1981 massacre in Poland

The Pacification of Wujek was a strike-breaking action by the Polish police and army at the Wujek Coal Mine in Katowice, Poland, culminating in the massacre of nine striking miners on December 16, 1981.

It was part of a large-scale action aimed to break the Solidarity free trade union after the introduction of martial law in Poland in 1981. Although the strike was suppressed, in a longer term, it turned out to be a milestone towards the collapse of the authoritarian system in Poland and, ultimately, to the collapse of the Eastern Bloc. It was a site of numerous protests, including by Solidarity activist Anna Walentynowicz who commemorated a plaque to the murdered miners shortly after she left prison at Gołdap.

== Strike ==
Following the declaration of martial law in Poland on the night of 12–13 December, the chairman of Solidarity's factory commission, Jan Ludwiczak, was arrested alongside hundreds of other activists. Milicja Obywatelska officers broke down the door of his apartment and assaulted the miners that attempted to rescue him.

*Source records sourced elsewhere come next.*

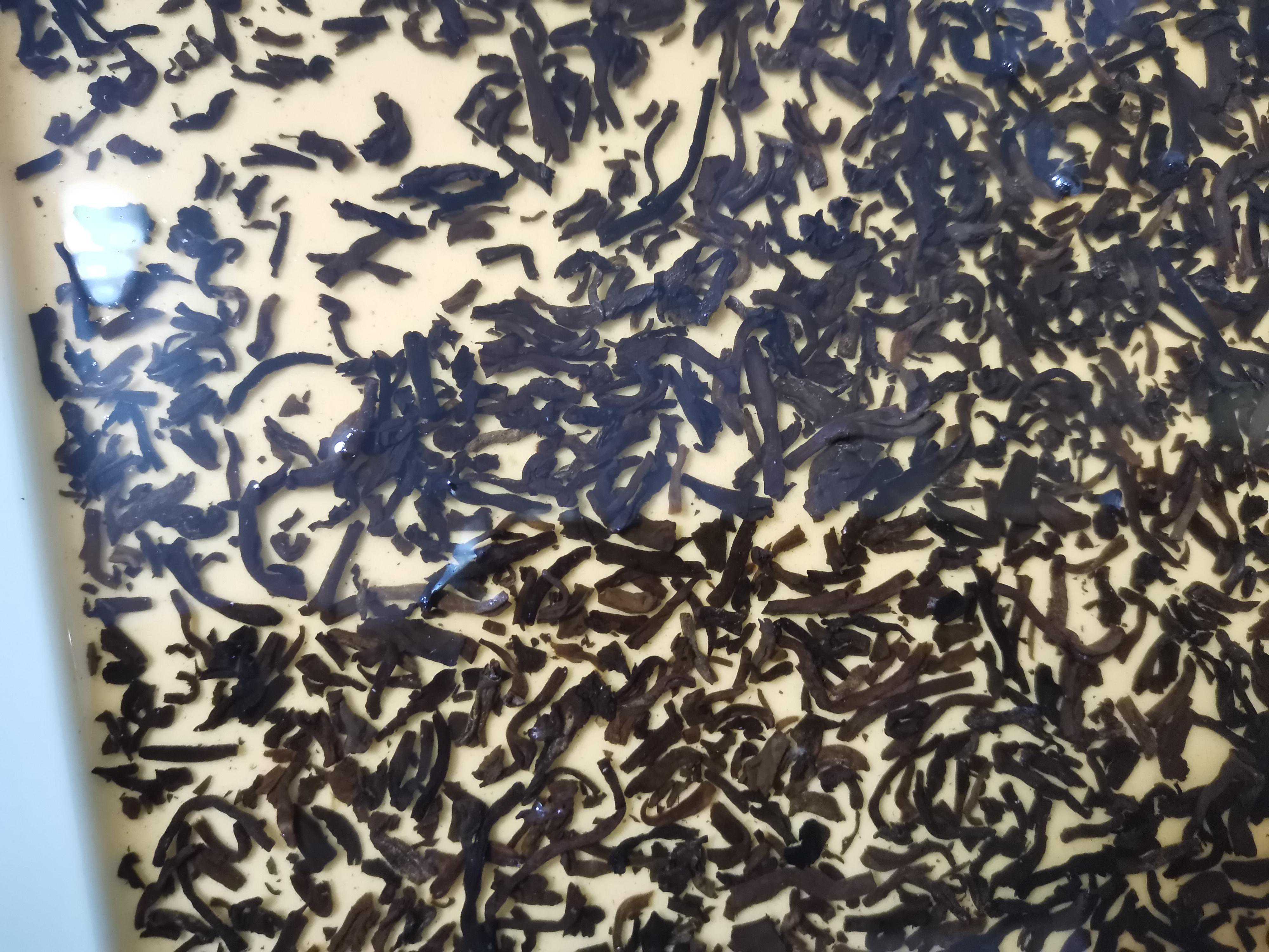 形状基本完整,叶底有韧性,闻上去有一股淡淡的陈皮药香和茶香。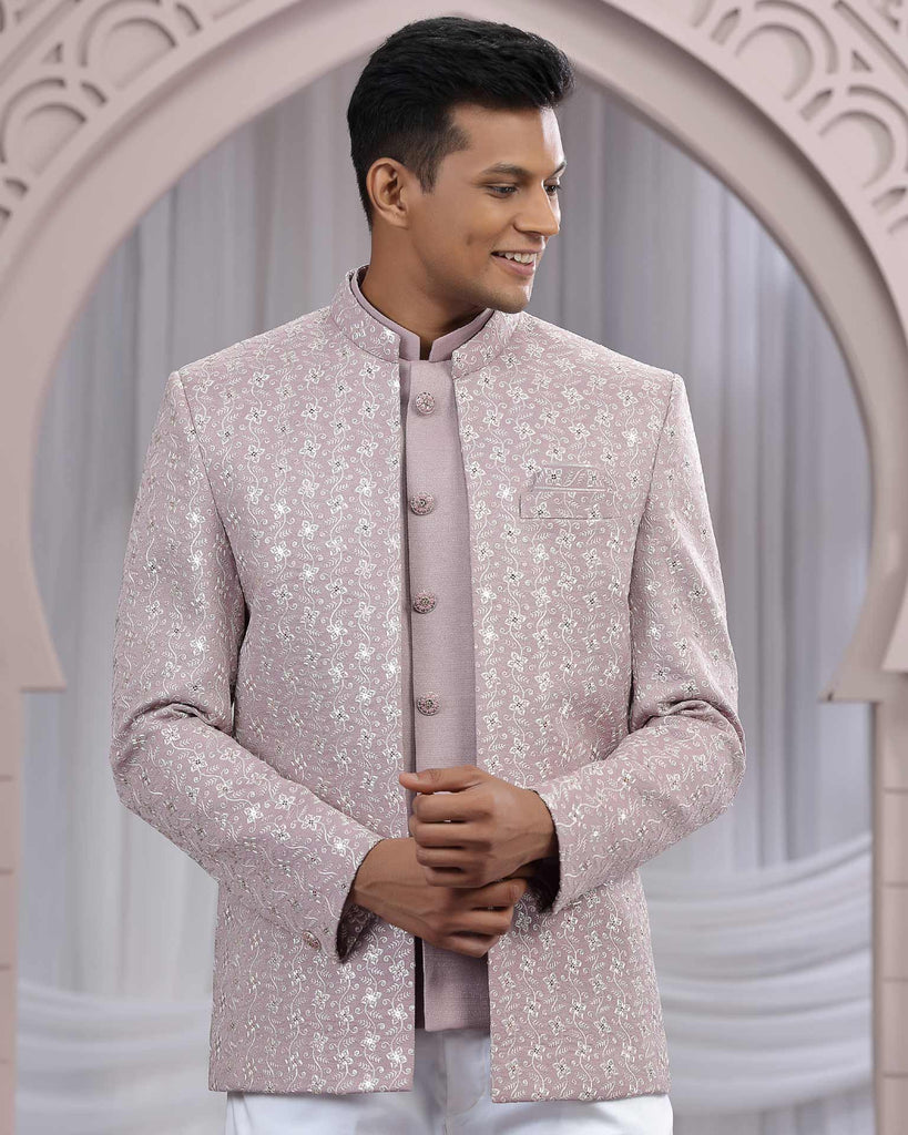 Onion Pink Art Silk Fabric Embroidered Men Jodhpuri Coat With Jacket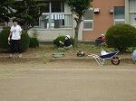 今日は今年度第2回目のPTA奉仕作業を実施いたしました。今回は2、4、6分団と整備・研修委員の皆様にご協力いただきました。日頃、なかなか手が回らない西門道路脇やプール北、校庭東側など、広範囲を作業していただきました。雨上がりの足元の悪い中での作業でしたが、たくさんの方にご協力いただき、きれいに整備できました。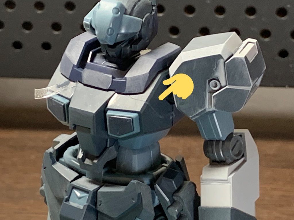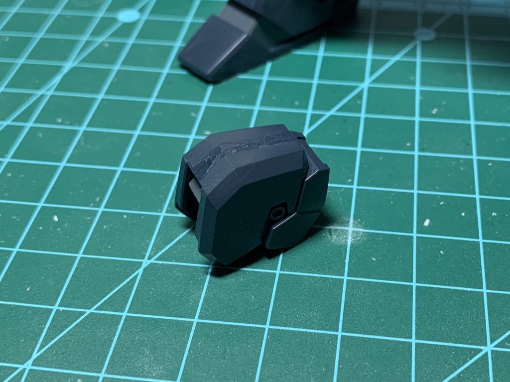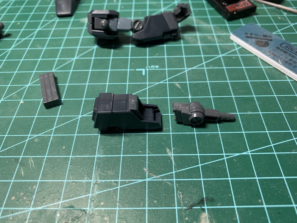 前腕部も肩と同様に合わせ目を消しますがこのままでは肘関節を外せなくなるので後ハメ加工を施しています。ジェスタの場合はピンを切り飛ばすだけなので簡単でした。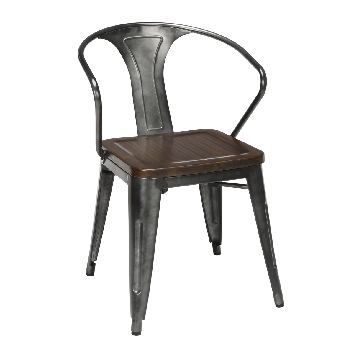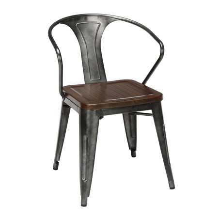OFM 161 Collection Industrial Modern 4 Pack Fully Assembled 18" Mid Back Dining Chairs w/ Arms, Solid Ash Wood Oversized Seats, Galvanized Steel, 4 Pack, in Gunmetal/Walnut (161-18A-GM-WNT-4)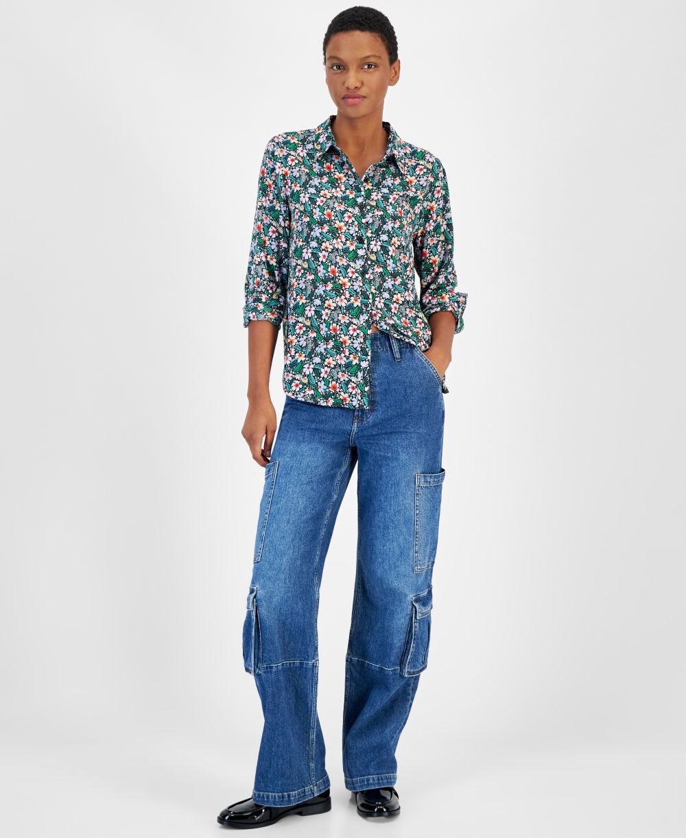 On 34th Womens Button Front Crepe Shirt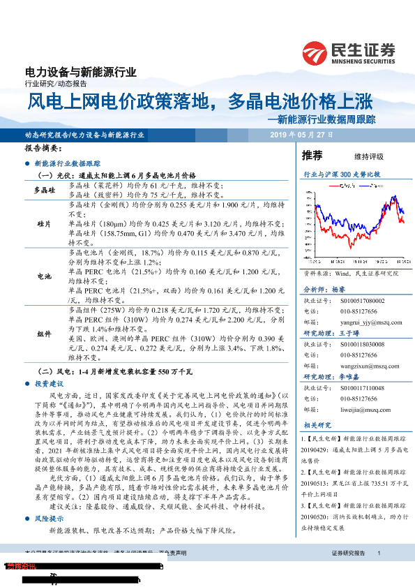 【民生证券】【20190527】风电上网电价政策落地,多晶电池价格上涨——新能源行业数据周跟踪-9页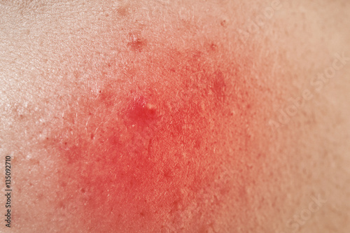 Acne treatment concept. Skin irritation, closeup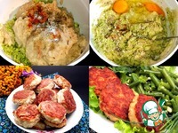Замочила перловую крупу на сутки. После чего её промыла и высыпала в миску. Измельчила брокколи и куриное филе с луком, чесноком, картофелем, и переложила в миску. |
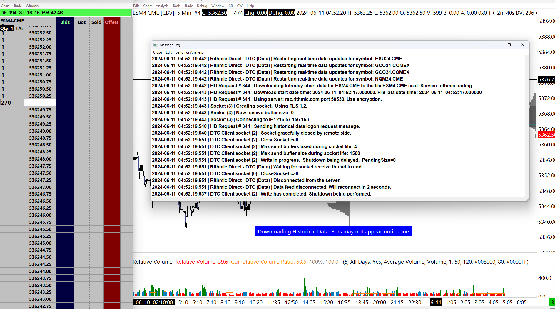 We see a disconnect from Rithmic in the piece of the log you have showing. Most likely what is occurring is that Rithmic is connecting and disconnecting due to a symbol that does not meet their format. You would need to go through your system and see if there are any symbols that are not set correctly for Rithmic and then either remove or update them. The places to look for the symbols are all described in the following section, even though this section is for removing symbols, you can update if you prefer: Chart Data and Chart Data Files: Cleaning Up Old and Unused Symbols for Efficiency For the most reliable, advanced, and zero cost futures order routing, use the Teton service: Sierra Chart Teton Futures Order Routing |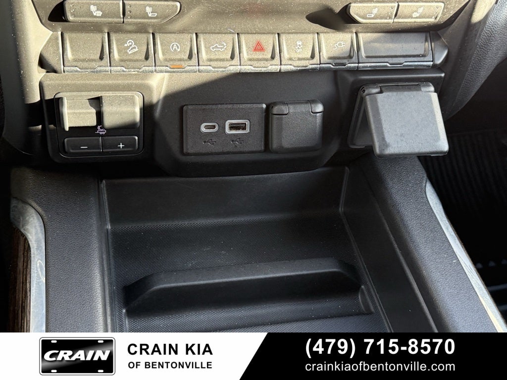 Automatic, 4WD, Jet Black w/Cloth Seat Trim, 10-Way Power Driver Seat Adjuster w/Lumbar, 12-Volt Rear Auxiliary Power Outlet, 220 Amp Alternator, 3.42 Rear Axle Ratio, 4-Way Manual Passenger Seat Adjuster, 4-Wheel Disc Brakes, 4G LTE Wi-Fi Hotspot Capable, 6 Speakers, 6-Speaker Audio System Feature, ABS brakes, Air Conditioning, Alloy wheels, AM/FM radio: SiriusXM, Apple CarPlay/Android Auto, Auto-Locking Rear Differential, Automatic temperature control, Body-Color Surround Grille, Brake assist, Bumpers: body-color, Cloth Rear Seat w/Storage Package, Cloth Seat Trim, Color-Keyed Carpeting Floor Covering, Compass, Deep-Tinted Glass, Delay-off headlights, Driver door bin, Driver vanity mirror, Dual front impact airbags, Dual front side impact airbags, Dual-Zone Automatic Climate Control, Electric Rear-Window Defogger, Electrical Lock Control Steering Column, Electronic Stability Control, Elevation Convenience Package, Elevation Value Package, Front 40/20/40 Split-Bench Seat, Front anti-roll bar, Front Center Armrest w/Storage, Front dual zone A/C, Front fog lights, Front Frame-Mounted Black Recovery Hooks, Front reading lights, Front Rubberized-Vinyl Floor Mats, Front wheel independent suspension, Fully automatic headlights, GMC Connected Access Capable, Heated door mirrors, Heated Driver & Front Outboard Passenger Seating, Heated front seats, Heated Steering Wheel, Heated steering wheel, Heavy Duty Suspension, Hitch Guidance, Illuminated entry, Keyless Open & Start, LED Cargo Area Lighting, Low tire pressure warning, Manual Tilt-Wheel & Telescoping Steering Column, Occupant sensing airbag, OnStar & GMC Connected Services Capable, Outside temperature display, Overhead airbag, Overhead console, Panic alarm, Passenger door bin, Passenger vanity mirror, Power Door Locks, Power door mirrors, Power driver seat, Power Front Windows w/Driver Express Up/Down, Power Front Windows w/Passenger Express Down, Power Rear Windows w/Express Down, Power steering, Power windows, Premium audio system: GMC Infotainment System, Radio data system, Radio: GMC Infotainment Audio System, Rear Dual USB Charging-Only Ports, Rear reading lights, Rear Rubberized-Vinyl Floor Mats, Rear seat center armrest, Rear step bumper, Rear Wheelhouse Liners, Rear window defroster, Remote keyless entry, Remote Vehicle Starter System, Security system, SiriusXM Radio, Speed control, Speed-sensing steering, Split folding rear seat, Steering Wheel Audio Controls, Steering wheel mounted audio controls, Tachometer, Telescoping steering wheel, Theft Deterrent System (Unauthorized Entry), Tilt steering wheel, Traction control, Trailering Package, Trip computer, Variably intermittent wipers, Voltmeter, Wheels: 20 x 9 Black Gloss Painted Aluminum.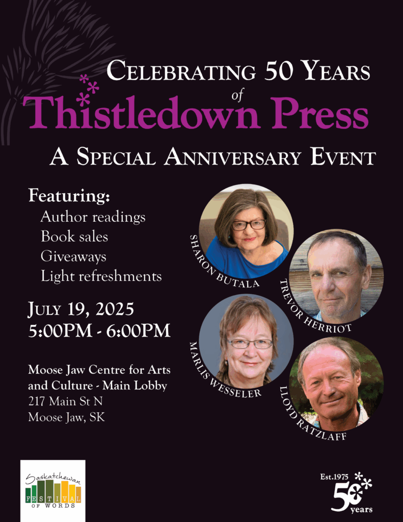 We are delighted to be featured in the 2025 Saskatchewan Festival of Words for our 50th Anniversary Celebration. Join us on July 19, 2025 for a memorable evening commemorating writing and publishing in Saskatchewan, with author readings, book sales, giveaways, and light refreshments. Featuring acclaimed Thistledown authors Marlis Wesseler (The Beech Forest, June 2024), Lloyd Ratzlaff (Walking Upstream, April 2025), Sharon Butala (Leaving Wisdom, May 2023), and Trevor Herriot (The Economy of Sparrows, September 2023), this is an event you won’t want to miss!
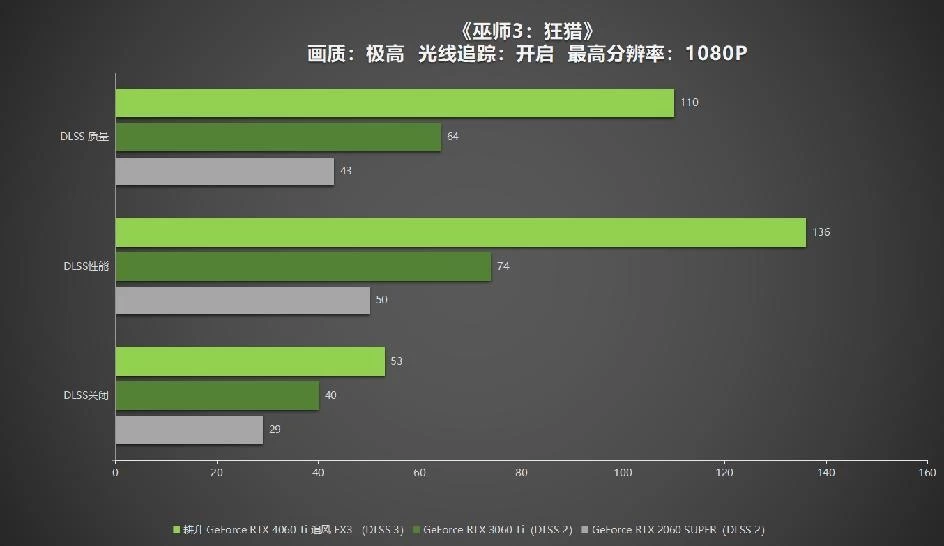 1080P下的《巫师3》优化相当不错,不开启DLSS的情况下耕升 GeForce RTX 4060 Ti 追风 EX3即可以达到53帧的正常游玩帧率,开启DLSS 性能模式后,游戏的帧率一度提升至136帧,DLSS质量模式的提升幅度也高达105%。GeForce RTX 3060 Ti 和GeForce RTX 2060 SUPER在开启DLSS 2 的游戏模式后也能得到较为流畅的游戏体验。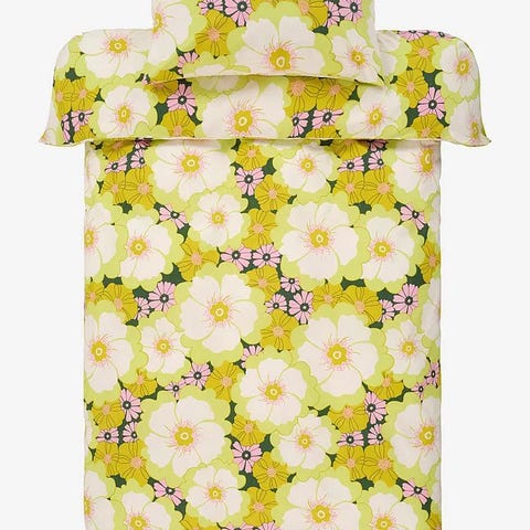 Ett fint påslakan med tillhörande örngott i retrostil. Blått rutmönster med inslag av blommor och gröna detaljer.

On the morning of 14 December, the miners refused to work until three stipulations were met: the release of Ludwiczak, the release of all other Solidarity activists, and the lifting of martial law. They barricaded themselves inside the mine and were given food and support by townspeople, friends, and family.

==Massacre==
On 15 December, a ZOMO special platoon opened fire on striking miners at the Manifest Lipcowy Coal Mine in Jastrzębie-Zdrój, injuring four and ending the strike. ZOMO had previously attempted to enter the mine twice, but were repelled by the miners.

On December 16, three days after the introduction of the martial law in Poland, pro-Solidarity miners striking against the declaration of the martial law by General Wojciech Jaruzelski were dispersed by the troops of the Polish army and police. The forces used in the main thrust against the miners consisted of eight companies of riot police (ZOMO, supported by ORMO (police reservists) and NOMO) with seven water cannons, three companies of military with 44 infantry fighting vehicles (IFVs) and one armoured company with 22 T-55 tanks. The operation involved a total of 1471 agents and 760 soldiers. The first assault was spearheaded by IFVs and even tanks that tear down the compound fence. The government forces used the water cannons, tear gas grenades and firecrackers, The miners repeatedly fought them off with their tools. One tank became stuck in a barricade, and the troops were forced to wear gas masks when the wind brought the tear gas to their direction, The miners threw bars and bolts on the riot police, who withdrew, exception made of three troopers that were retained by the workers. During the brawl a number of strikers and 41 troops were injured, including 11 severely.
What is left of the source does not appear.